### Work to complete
Would you retype the listing word for word, skipping its pictures?

### Data provided
::::::::

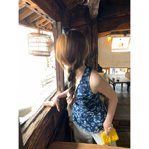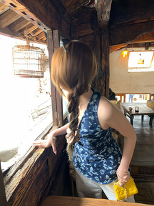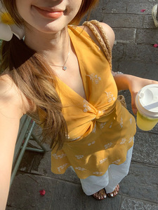 【5.20晚8点】im向 山樱漫岛~V领扭结刺绣无袖收腰显瘦挂脖小衫
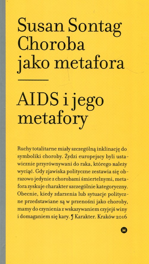 Dwa słynne eseje, które weszły do kanonu humanistyki. Analizując źródła naukowe i utwory literackie od antyku po czasy współczesne (odwołując się choćby do Homera, Baudelaire'a, Manna, Joyce'a czy Audena) Susan Sontag rekonstruuje mitologię gruźlicy i choroby nowotworowej. Pokazuje przy tym sposoby, w jakie społeczeństwo stygmatyzuje chorych i demistyfikuje ideologiczne fantazmaty, które zmierzają do demonizacji niektórych chorób. Drugi esej, napisany pod koniec lat 80., jest pionierską analizą AIDS i społecznych wyobrażeń, jakie towarzyszyły pojawieniu się tej choroby.
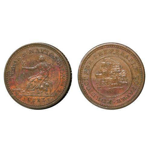 CH#NS-18A Br:964 Pure copper preferable. Farthing 1813 Choice AU
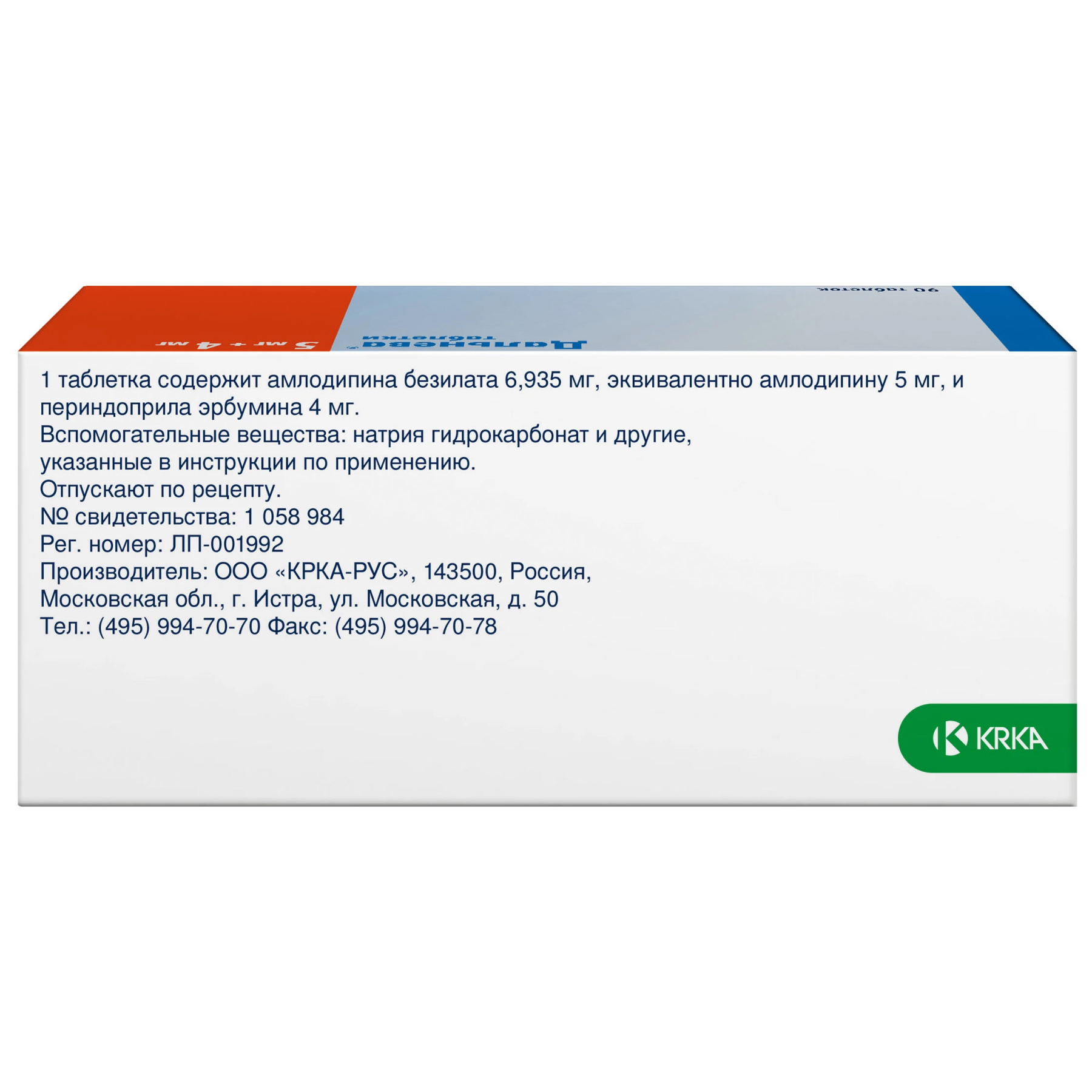 Активные вещества: амлодипин 5 мг, периндоприл 4 мг.

::::::::

### Answer section
 【5.20晚8点】im向 山樱漫岛~V领扭结刺绣无袖收腰显瘦挂脖小衫
 Dwa słynne eseje, które weszły do kanonu humanistyki. Analizując źródła naukowe i utwory literackie od antyku po czasy współczesne (odwołując się choćby do Homera, Baudelaire'a, Manna, Joyce'a czy Audena) Susan Sontag rekonstruuje mitologię gruźlicy i choroby nowotworowej. Pokazuje przy tym sposoby, w jakie społeczeństwo stygmatyzuje chorych i demistyfikuje ideologiczne fantazmaty, które zmierzają do demonizacji niektórych chorób. Drugi esej, napisany pod koniec lat 80., jest pionierską analizą AIDS i społecznych wyobrażeń, jakie towarzyszyły pojawieniu się tej choroby.
 CH#NS-18A Br:964 Pure copper preferable. Farthing 1813 Choice AU
 Активные вещества: амлодипин 5 мг, периндоприл 4 мг.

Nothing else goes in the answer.